Simon Desthieux to kolejny zawodnik, który w tym tygodniu ogłosił zakończenie profesjonalnej kariery. Francuz podzielił się tą informacją w swoich mediach społecznościowych.
Desthieux w tym sezonie należy do czołówki Pucharu Świata. Przed finałem sezonu w Oslo zajmuje 7. miejsce w klasyfikacji generalnej i ma realne szanse zająć miejsce na podium. By w tak piękny sposób podsumować swoją karierę 30-latek musi wnieść się na wyżyny swoich możliwości i wygrać chociaż jeden z biegów.

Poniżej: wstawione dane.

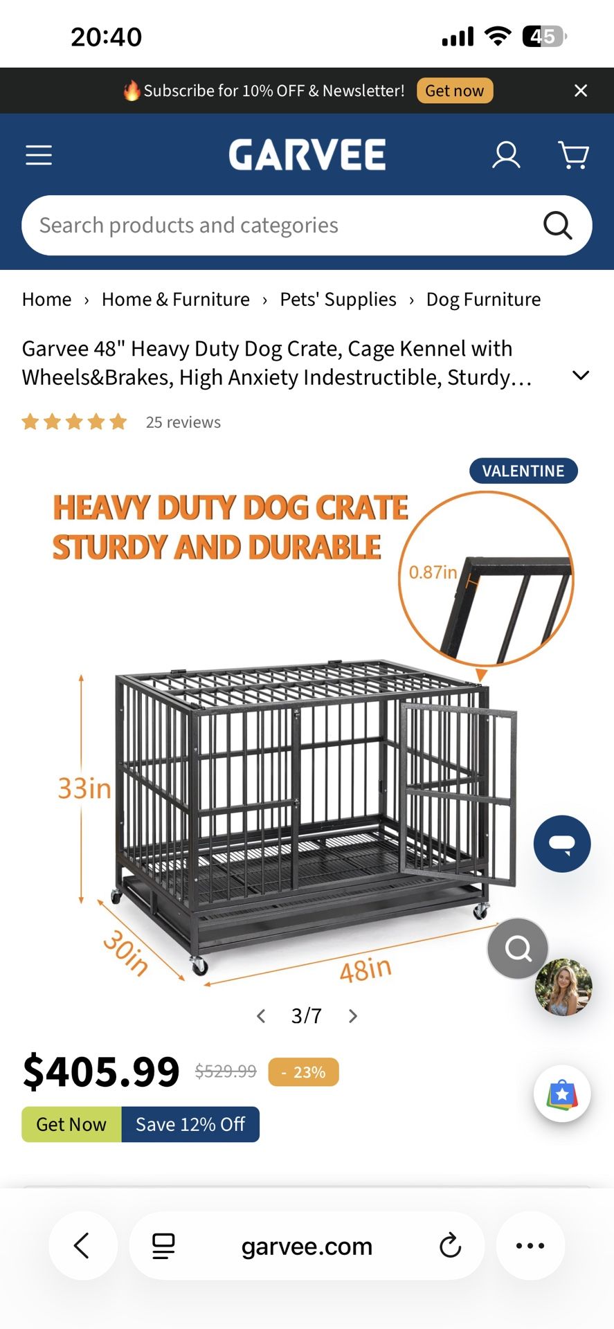 Garvee 48” Heavy Duty Dog Crate. Large kennel With Wheels and brakes, High Anxiety Indestructible, Sturdy Locks Design, Double Door and Removable Tray for Large Dogs. 48”x 30” x 33”
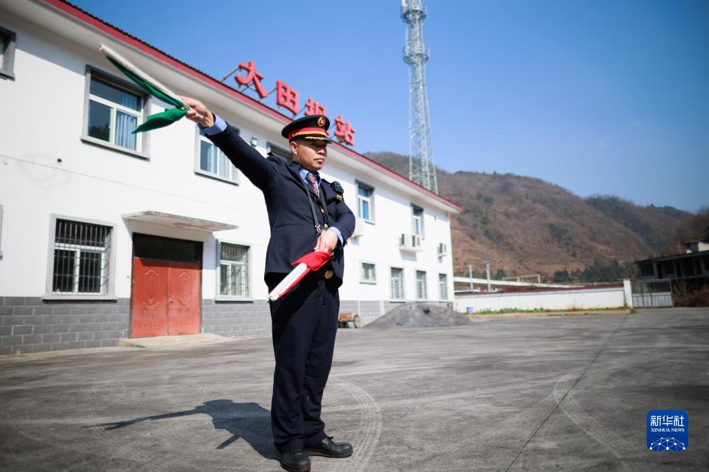毛忠輝在大田壩車站內利用休息時間練習信號操(1月11日攝)。

A to Francuz potrafi. Jego debiut w zawodach Pucharu Świata miał miejsce 28 listopada 2012 roku w szwedzkim Oestersund. Jednak jego droga do biathlonowej czołówki trwała kilka lat. W sezonie 2017/2018 po raz pierwszy stanął na podium zawodów tej rangi i zajął 8. miejsce w klasyfikacji generalnej.
Od tamtej pory Simon Desthieux nie nigdy nie wypadł poza TOP10. Dołożył także dziesięć kolejnych podium w Pucharze Świata, w tym dwa zwycięstwa. Z Igrzysk Olimpijskich w Pjongczangu przywiózł złoto w sztafecie mieszanej, a w Pekinie został srebrnym medalistą w sztafecie. Ponadto jest mistrzem i wicemistrzem świata w tej konkurencji i wicemistrzem świata w sprincie.
To już jednak historia, o czym pisze sam Francuz.
– Nadszedł czas, abym cieszył się rodziną, przyjaciółmi i dzieckiem! W tym tygodniu odbędą się moje ostatnie zawody Pucharu Świata, czas rzucić biathlon. Po 10 latach chcę zrobić coś innego. Dlatego dziękuję tym, którzy pomogli mi się rozwijać, którzy we mnie uwierzyli, którzy pozwolili mi żyć tą piękną pasją – czytamy w komunikacie.